* Work to complete:
As the answer, set down the lines below from the one containing "Eher selten in" through the one containing "Затем добавьте к", exactly and inclusively, and no others.

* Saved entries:
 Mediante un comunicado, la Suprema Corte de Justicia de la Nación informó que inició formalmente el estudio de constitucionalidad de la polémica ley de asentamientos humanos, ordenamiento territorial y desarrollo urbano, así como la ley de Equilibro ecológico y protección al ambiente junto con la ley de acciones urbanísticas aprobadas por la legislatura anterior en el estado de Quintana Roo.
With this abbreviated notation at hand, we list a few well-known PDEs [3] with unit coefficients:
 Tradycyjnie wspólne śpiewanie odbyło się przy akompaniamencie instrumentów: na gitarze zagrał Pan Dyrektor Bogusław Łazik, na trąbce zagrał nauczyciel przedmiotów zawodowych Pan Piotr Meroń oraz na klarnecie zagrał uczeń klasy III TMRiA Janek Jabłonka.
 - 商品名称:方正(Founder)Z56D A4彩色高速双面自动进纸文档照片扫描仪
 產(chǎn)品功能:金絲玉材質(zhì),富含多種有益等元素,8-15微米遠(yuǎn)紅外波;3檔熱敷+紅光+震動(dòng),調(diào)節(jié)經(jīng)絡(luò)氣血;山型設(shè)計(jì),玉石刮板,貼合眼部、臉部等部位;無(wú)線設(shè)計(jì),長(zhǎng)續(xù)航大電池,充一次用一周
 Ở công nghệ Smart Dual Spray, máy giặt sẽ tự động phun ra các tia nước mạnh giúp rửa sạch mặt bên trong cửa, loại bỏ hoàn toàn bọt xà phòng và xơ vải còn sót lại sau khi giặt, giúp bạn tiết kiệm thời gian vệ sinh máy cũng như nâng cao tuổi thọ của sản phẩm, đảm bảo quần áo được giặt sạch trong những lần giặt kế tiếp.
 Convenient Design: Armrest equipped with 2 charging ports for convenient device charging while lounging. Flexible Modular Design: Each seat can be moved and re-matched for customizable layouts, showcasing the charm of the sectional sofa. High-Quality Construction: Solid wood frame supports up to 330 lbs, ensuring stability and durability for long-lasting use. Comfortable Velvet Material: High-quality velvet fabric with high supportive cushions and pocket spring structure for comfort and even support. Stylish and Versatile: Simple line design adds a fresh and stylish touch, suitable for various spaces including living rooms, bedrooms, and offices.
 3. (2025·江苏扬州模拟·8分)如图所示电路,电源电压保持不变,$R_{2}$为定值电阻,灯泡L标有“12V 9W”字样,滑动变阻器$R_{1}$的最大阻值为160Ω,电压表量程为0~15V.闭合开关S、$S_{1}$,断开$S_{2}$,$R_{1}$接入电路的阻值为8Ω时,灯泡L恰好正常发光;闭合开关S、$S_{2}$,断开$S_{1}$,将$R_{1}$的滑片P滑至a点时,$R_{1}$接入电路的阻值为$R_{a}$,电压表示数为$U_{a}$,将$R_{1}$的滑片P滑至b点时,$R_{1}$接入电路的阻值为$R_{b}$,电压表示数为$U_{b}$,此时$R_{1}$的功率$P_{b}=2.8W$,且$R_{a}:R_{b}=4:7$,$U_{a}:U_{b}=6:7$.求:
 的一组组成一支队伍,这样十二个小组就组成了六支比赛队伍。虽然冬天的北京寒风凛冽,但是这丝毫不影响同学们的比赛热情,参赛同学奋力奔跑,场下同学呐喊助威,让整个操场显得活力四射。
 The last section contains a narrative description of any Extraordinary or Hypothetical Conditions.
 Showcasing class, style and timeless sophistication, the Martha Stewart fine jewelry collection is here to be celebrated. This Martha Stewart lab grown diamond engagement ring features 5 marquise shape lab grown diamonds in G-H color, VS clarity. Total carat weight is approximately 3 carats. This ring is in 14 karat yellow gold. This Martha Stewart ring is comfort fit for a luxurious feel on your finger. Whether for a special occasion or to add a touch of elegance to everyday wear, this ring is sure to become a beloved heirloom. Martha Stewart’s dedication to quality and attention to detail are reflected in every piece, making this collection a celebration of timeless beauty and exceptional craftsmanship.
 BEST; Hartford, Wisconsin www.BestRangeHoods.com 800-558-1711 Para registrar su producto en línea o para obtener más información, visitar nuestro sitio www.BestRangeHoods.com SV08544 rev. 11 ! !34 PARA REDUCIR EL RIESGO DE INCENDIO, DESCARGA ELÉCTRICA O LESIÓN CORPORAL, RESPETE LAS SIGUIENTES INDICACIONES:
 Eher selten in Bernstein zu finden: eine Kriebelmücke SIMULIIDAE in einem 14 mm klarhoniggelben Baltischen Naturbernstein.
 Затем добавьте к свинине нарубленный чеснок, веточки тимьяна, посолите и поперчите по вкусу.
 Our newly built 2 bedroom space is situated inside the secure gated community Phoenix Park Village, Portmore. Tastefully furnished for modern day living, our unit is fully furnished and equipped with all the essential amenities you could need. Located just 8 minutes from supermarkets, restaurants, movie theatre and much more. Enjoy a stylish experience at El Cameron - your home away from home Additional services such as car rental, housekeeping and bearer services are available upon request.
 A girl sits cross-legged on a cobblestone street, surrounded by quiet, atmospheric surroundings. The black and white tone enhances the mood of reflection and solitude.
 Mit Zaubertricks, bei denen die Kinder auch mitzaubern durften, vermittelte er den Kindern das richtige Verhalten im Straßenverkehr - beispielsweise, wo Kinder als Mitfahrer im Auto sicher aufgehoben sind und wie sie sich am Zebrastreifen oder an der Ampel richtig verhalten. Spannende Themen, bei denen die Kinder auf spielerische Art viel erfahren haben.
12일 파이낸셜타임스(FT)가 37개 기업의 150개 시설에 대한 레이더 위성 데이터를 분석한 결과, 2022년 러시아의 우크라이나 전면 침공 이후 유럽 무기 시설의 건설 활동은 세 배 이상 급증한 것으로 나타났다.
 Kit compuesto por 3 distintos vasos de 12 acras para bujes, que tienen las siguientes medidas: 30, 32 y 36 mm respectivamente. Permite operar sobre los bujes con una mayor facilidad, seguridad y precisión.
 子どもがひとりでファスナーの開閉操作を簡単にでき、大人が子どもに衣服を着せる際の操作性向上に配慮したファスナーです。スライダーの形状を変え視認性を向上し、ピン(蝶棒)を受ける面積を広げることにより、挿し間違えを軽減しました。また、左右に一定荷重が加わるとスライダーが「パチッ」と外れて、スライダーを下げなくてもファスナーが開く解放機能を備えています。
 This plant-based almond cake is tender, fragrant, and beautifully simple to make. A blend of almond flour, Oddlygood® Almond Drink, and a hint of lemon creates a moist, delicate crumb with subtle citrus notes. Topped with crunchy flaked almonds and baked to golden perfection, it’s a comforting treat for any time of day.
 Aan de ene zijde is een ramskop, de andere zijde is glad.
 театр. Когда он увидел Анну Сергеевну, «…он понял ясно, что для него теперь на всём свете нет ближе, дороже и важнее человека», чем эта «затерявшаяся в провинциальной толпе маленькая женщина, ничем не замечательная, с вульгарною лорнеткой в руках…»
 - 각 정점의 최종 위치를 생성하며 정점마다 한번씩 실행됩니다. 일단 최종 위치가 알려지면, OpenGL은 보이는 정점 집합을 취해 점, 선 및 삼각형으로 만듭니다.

* Response area:
 Eher selten in Bernstein zu finden: eine Kriebelmücke SIMULIIDAE in einem 14 mm klarhoniggelben Baltischen Naturbernstein.
 Затем добавьте к свинине нарубленный чеснок, веточки тимьяна, посолите и поперчите по вкусу.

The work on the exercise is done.